The task to be processed may be, but is not limited to, an engineering source code to be processed (e.g., to be compiled), and the document processing method of the present application will be described in detail mainly by taking the task to be processed as the engineering source code to be processed.
In view of the fact that the analysis unit 401 may specifically analyze the dependency relationship between the source code files included in the engineering source code to be processed, the analysis unit may include a plurality of source code files, and the plurality of source code files form an engineering with corresponding functions through a certain organization structure.
For example, if a variable defined in a B file needs to be referenced in an a file, the B file must be compiled before the a file (where "before" refers to temporal first), and the a file is dependent on the B file, so that A, B there is a dependency between the two files. In this application, the fact that one file is dependent on another file means that the use (e.g., compilation or execution) of the one file needs to be premised on the other file, and if the other file is missing, the one file cannot be used.
A classification and information recording unit 402, configured to classify files included in the task to be processed according to a dependency relationship among the files, obtain multiple classification categories, and record a path structure of each file of the task to be processed; and each classification category corresponds to at least one file comprising the tasks to be processed.

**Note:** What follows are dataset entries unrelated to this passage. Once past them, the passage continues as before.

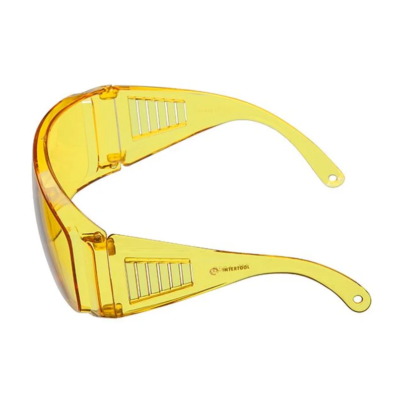 Окуляри захисні жовті, матеріал лінз - полікарбонат, матеріал дужок - полікарбонат, захист від удару, оптичний клас 1 INTERTOOL SP-0082
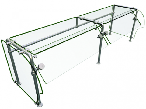 Flav-R-Shield® ES90 Food Shield, self-service, 72"W x 24"D x 22.63"H, heat tempered glass construction throughout with 3/4" radius corners and polished edges, 3/8" thick glass top shelf, adjustable front panel and side panels, 1" OD brushed 304 stainless steel posts, NSF component, Made in the USA
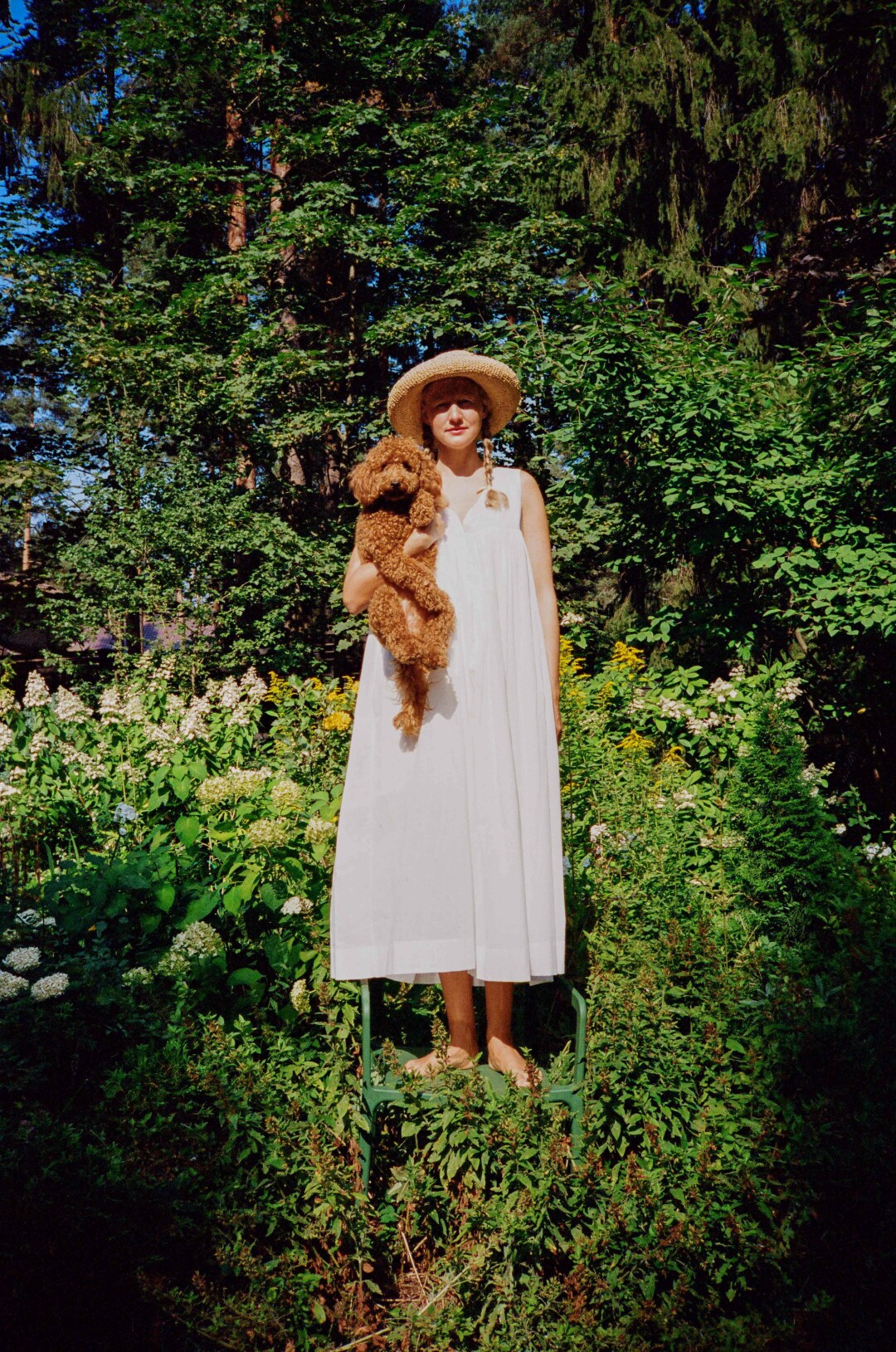 Дизайнер Аня Дружинина в ночной сорочке Rose Nude с малым пуделем Бусинкой в саду своей дачи среди гортензий, золотых шаров и спиреи
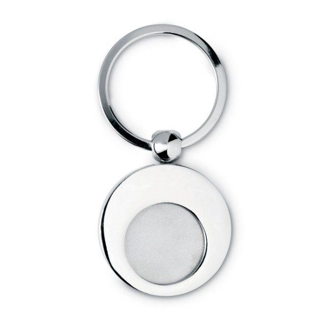 Portachiavi rotondo in metallo con gettone per il carrello della spesa.

The task to be processed is an engineering source code to be processed; the classifying and information recording unit 402 classifies the files included in the task to be processed according to the dependency relationship among the files to obtain a plurality of classification categories, including: and classifying the source code files according to the dependency relationship among the source code files of the engineering source code to obtain a plurality of classification type source code files, wherein each classification type correspondingly comprises at least one source code file.
Specifically, after analyzing the dependency relationship among the source codes of the engineering source codes, the source code files of the engineering source codes can be continuously classified according to the dependency relationship among the source code files, and the source code files with the dependency relationship are specifically classified into the same classification category, that is, each classification category may include a plurality of source code files with dependency relationship, and correspondingly, source code files without dependency relationship are classified into different classification categories.
After the source code files of the engineering source codes are classified according to the dependency relationship, the path structure of each source code file in the original engineering source codes is also recorded at the same time, so that a basis is provided for recovering the engineering structure of the engineering source codes after the processing result of each node on the source code files is obtained subsequently.
A distributing unit 403, configured to distribute, based on a predetermined file distribution policy, each file of the task to be processed to multiple nodes of a distributed cluster; wherein files belonging to the same classification category are distributed to the same node.
Further, the distributing unit 403 is specifically configured to: acquiring the use condition of computing resources, the network load condition and the congestion condition of each node in the cluster; distributing tasks to each source code file of the engineering source code based on the computing resource use condition, the network load condition and the congestion condition of each node in the cluster; wherein the respective source code files belonging to the same classification category are distributed to the same node.
Specifically, after dividing each source code file of the engineering source code into each category, each source code file of the engineering source code can be continuously distributed to a plurality of nodes of the distributed cluster according to the category to which the source code belongs, and each source code file of the same category is specifically distributed to the same node of the cluster, so that each source code file on the same node is ensured to have a complete dependency relationship in the node without any cross-node reference, the phenomenon that the processing result of the node is wrong is avoided, and meanwhile, the effective utilization of computing resources of the distributed system is facilitated.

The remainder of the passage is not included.